═══ Information supplied ═══

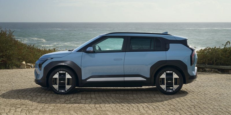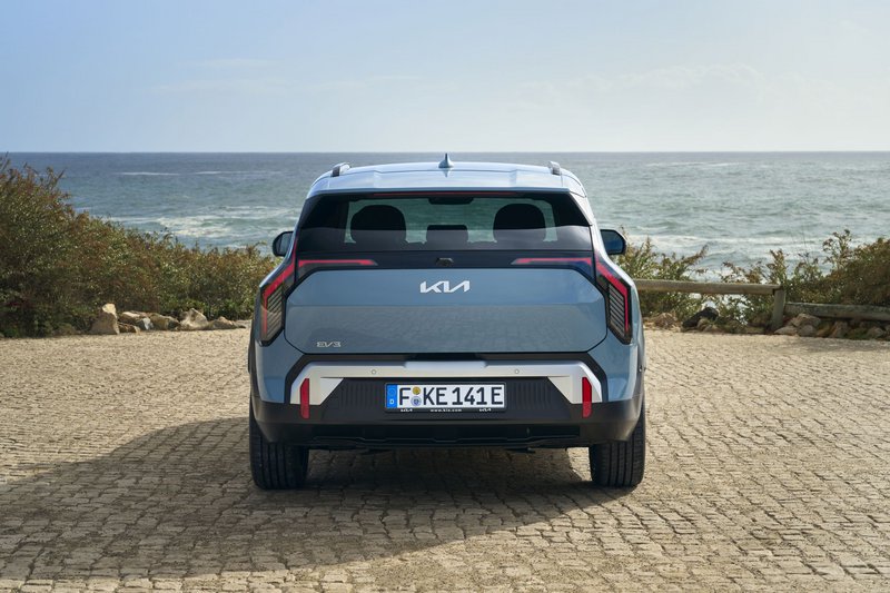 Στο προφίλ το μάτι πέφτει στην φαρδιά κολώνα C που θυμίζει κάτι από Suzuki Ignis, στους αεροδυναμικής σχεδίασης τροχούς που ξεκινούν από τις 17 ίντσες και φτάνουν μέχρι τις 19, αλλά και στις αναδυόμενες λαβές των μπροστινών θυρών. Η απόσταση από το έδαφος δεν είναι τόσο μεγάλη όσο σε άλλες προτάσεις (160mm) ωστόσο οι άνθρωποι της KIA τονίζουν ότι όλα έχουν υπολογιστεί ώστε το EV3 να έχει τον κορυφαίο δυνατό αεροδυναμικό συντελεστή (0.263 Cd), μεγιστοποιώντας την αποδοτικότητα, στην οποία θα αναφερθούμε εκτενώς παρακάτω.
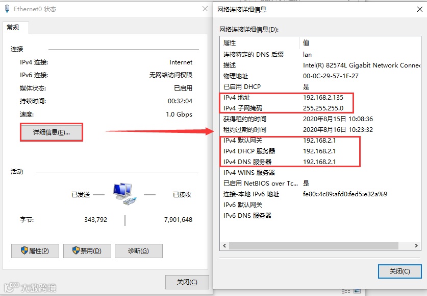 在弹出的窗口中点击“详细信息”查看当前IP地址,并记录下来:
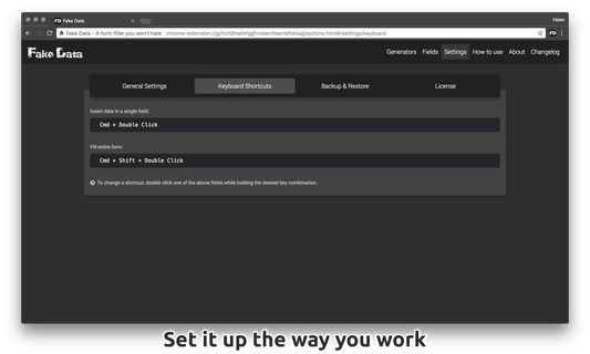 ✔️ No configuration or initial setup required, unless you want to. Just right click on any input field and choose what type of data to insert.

═══
═══ Information supplied ═══

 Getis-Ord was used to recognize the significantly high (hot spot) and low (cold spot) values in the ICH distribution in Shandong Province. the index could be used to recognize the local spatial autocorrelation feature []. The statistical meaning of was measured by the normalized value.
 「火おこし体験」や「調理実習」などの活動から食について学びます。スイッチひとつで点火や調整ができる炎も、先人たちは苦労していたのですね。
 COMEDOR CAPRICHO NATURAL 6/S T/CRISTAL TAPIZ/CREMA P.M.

═══
═══ Information supplied ═══

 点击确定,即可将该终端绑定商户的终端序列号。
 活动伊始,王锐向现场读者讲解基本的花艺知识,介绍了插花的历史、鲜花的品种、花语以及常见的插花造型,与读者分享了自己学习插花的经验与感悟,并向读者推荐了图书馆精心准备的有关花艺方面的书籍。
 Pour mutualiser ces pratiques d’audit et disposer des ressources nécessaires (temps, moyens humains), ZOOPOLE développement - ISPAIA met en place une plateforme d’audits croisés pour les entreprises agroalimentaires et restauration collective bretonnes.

═══

From the data above, reproduce word for word the lines running from the line with "Getis-Ord was used" to the line with "COMEDOR CAPRICHO NATURAL", ends included.

 Getis-Ord was used to recognize the significantly high (hot spot) and low (cold spot) values in the ICH distribution in Shandong Province. the index could be used to recognize the local spatial autocorrelation feature []. The statistical meaning of was measured by the normalized value.
 「火おこし体験」や「調理実習」などの活動から食について学びます。スイッチひとつで点火や調整ができる炎も、先人たちは苦労していたのですね。
 COMEDOR CAPRICHO NATURAL 6/S T/CRISTAL TAPIZ/CREMA P.M.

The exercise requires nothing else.